M-SHIROW1は約67(幅)×106(奥行き)×38(高さ)mm、重さは約78gと、日本人の手になじみやすい小ぶりなサイズだ。接続方式は24年前のUSB/PS2有線接続からBluetooth Low Energyによるワイヤレス接続に変更され、蓄電デバイスとしてキャパシターを内蔵している。
センサーには省電力性に優れたIR LED(赤外線LED)を採用しており、1回の満充電で最長約45日の使用が可能だ。ただし、Type-C充電ケーブルは付属しない点には注意が必要だ。
底面には電源スイッチ、DPIボタン、ペアリング/接続先切替ボタンとLEDが2つある。最大3台のペアリングに対応しており、ボタン長押しでペアリング、通常押しで接続先を切り替える一般的なインタフェースだが、接続先を示すLEDは1つで、3秒間点灯すれば接続先1、1秒ずつ2回点灯すれば接続先2、0.5秒ずつ3回点灯すれば接続先3と、やや分かりづらい。
DPIは5段階で、こちらはもう1つのLEDが1〜5回点灯する。DPIのプリセット変更はできないようだ。
本体を手に取ってまず気付くのは、この造形が持つ独特の文法だろう。マットな水色の大きな曲面ボディーに、ドット模様のツヤのある右ボタンパーツが嵌合している。

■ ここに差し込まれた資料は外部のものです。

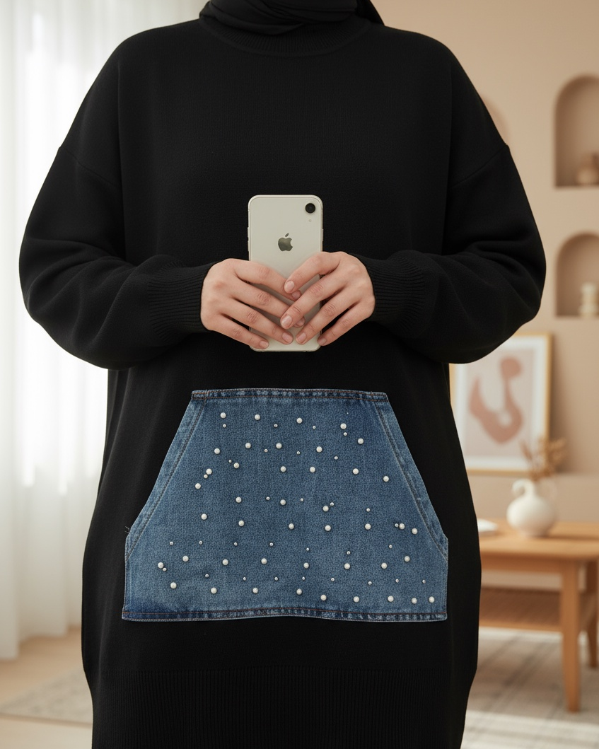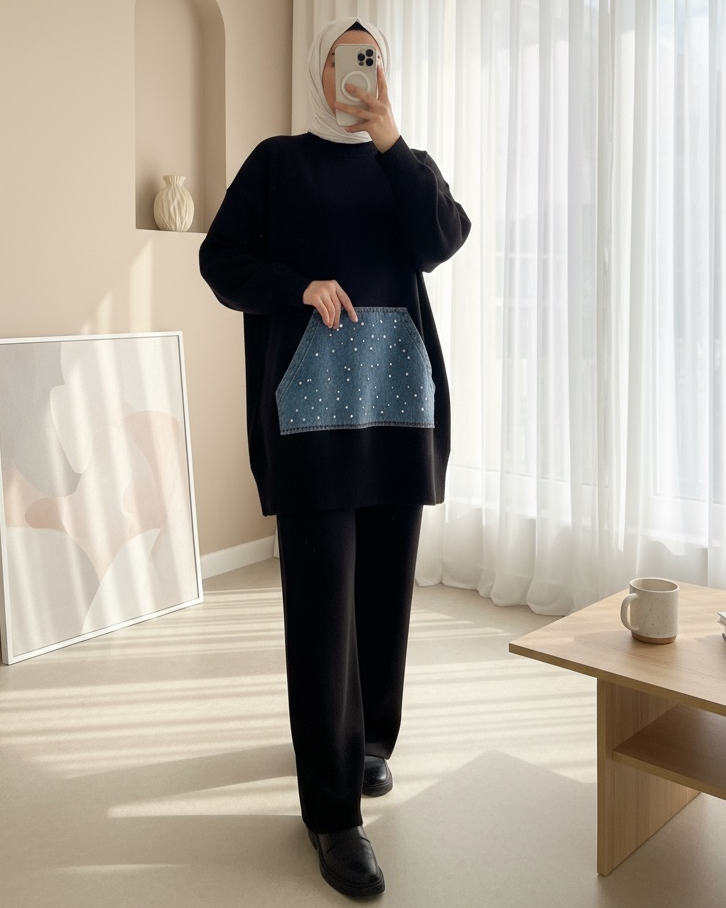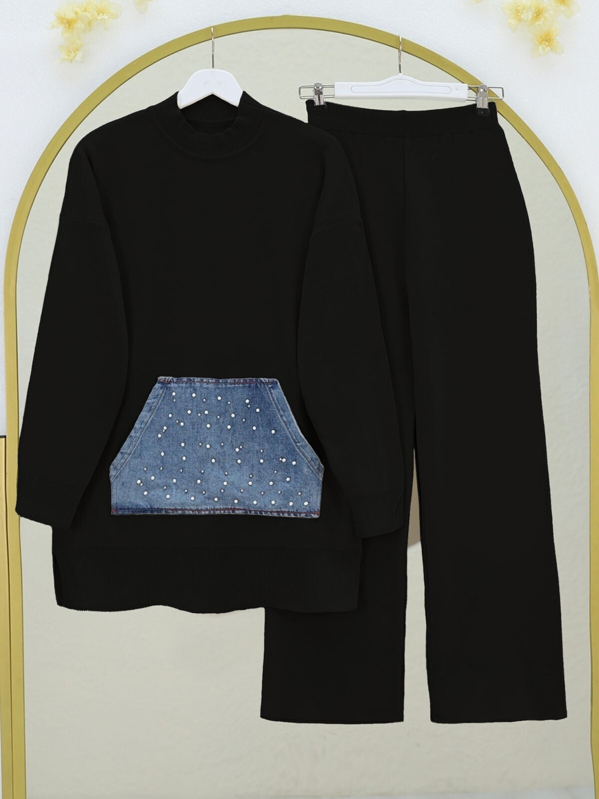 Kot Kanguru Cepli Triko Takım -Siyah-Siyah

本体各部を区切る深いモールドは、工業製品のパーツ分割ラインというよりも、鍛え上げられた筋肉にカットが入ったときに浮き出る筋腹の境界のように見える。ヒトの右手を単体で見れば非対称であるように、このマウスもまた左右非対称だ。
ただし、M-SHIROW1シリーズは人間工学的に追求されたもの、つまり、エルゴノミクスデザインではない。ユーザーの身体にぴたりとはまる、というものではなく、むしろ身体自身をデザイン化したような感覚がある。この有機的な曲面と硬質なパーツが共存するフォルムには、士郎正宗氏が長年描き続けてきた義体を思わせる感覚がある。
2002年版からの外観上の大きな変化は主に2点ある。1つ目は左サイドの進む/戻るボタンの追加だ。伝わりにくい表現で恐縮だが、前モデルはどことなく「礼」という漢字のような印象があった。斜めに払うような曲面に空間を「切り取る」シャープさを感じたのだが、今回のモデルでは逆に膨らみとなっている。
士郎氏によると「追加ボタン操作によって『親指の疲労度を上げるかもしれない負要素』とみなし、『親指の屈曲変化量と挙動作の労力』が低強度になるよう滑らかに変更」とのことで、「用」に寄せた変更だったことがうかがえる。
一方で、仕様変更については「僕の発案やオーダーではありません。エレコムさんには基本的に『今風の仕様』だと聞いています」とも述べている。全ボタンとも静音仕様だが、進む/戻るボタンは左右ボタンに比べるとストロークがやや長めの印象だ。
もう1つの変化は接続方式に伴うもので、ケーブルを保護するブッシュパーツがUSB Type-Cポートへと置き換わった。この部分も2002年版では士郎氏のデザインであり、マウス本体からケーブルが伸びている、という印象が強かったが、復刻版ではシンプルなコネクターに代わり、マウス本体「に」ケーブルを接続する、という逆方向の印象になった。このあたりは規格の制限などもあって、デザインの自由度も狭いのかもしれない。
とはいえ、復刻版であるが故に、全体の印象は前モデルと大きくは変わらない。むしろ、今回はカラーリング変更のインパクトが大きいのではないだろうか。
2002年版ではツートンカラーで構成されたシルバー、ブラック、ホワイトの3つのバリエーションだったのに対し、今回はブラック、ブルー、ホワイト単色での構成だ。
その中でも注目されているモデルは新色のブルーだろう。同社の製品ページの写真ではライティングがかなりくらめに設定されていることもあって、特にタチコマの印象が強いが、実際の印象はかなりポップな水色寄りだ。
士郎正宗氏の監修を基に調色された新色ということではあるが、人によっては安っぽい印象を持つかもしれない。
マウスのカスタマイズは、専用ソフト「ELECOM Mouse Assistant 6」で行う。パッケージの内箱に印刷されたサークルモチーフがアニメーションするなど、世界観に合わせた専用UIが用意されており、各ボタンへよく使う機能を割り当てられるほか、アプリケーションによって設定を切り替えるアプリケーション連動プロファイルにも対応している。